Generalized Poland-Scheraga model for DNA hybridization

The Poland-Scheraga (PS) model for the helix-coil transition of DNA considers the statistical mechanics of the binding (or hybridization) of two complementary strands of DNA of equal length, with the restriction that only bases with the same index along the strands are allowed to bind. In this paper, we extend this model by relaxing these constraints: We propose a generalization of the PS model which allows for the binding of two strands of unequal lengths $N_{1}$ and $N_{2}$ with unrelated sequences.
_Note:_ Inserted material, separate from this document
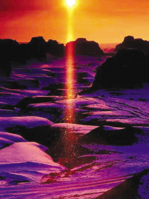 戈壁上沒有高大的樹木可以乘涼,沒有飯菜可供充饑,更沒有水源能夠解渴,唐軍一時間陷入了絕境。正在此時突然發(fā)現(xiàn)前方有一潭碧水,湖邊楊柳搖曳,屋舍成排,將軍和士兵便拼命地朝著湖水奔跑而去。可是他們跑得越快水也就遠(yuǎn)去得越快,湖水瞬間消失了,面前仍舊是熾熱的戈壁,將士們正在悲痛,突然前方又出現(xiàn)了一潭湖水,鱗波蕩漾,將士們再度狂奔。

We study in particular (i) the effect of mismatches on the hybridization of complementary strands (ii) the hybridization of non complementary strands (as resulting from point mutations) of unequal lengths $N_{1}$ and $N_{2}$. The use of a Fixman-Freire scheme scales down the computational complexity of our algorithm from $O(N_{1}^{2}N_{2}^{2})$ to $O(N_{1}N_{2})$.The simulation of complementary strands of a few kbps yields results almost identical to the PS model. For short strands of equal or unequal lengths, the binding displays a strong sensitivity to mutations. This model may be relevant to the experimental protocol in DNA microarrays, and more generally to the molecular recognition of DNA fragments. It also provides a physical implementation of sequence alignments.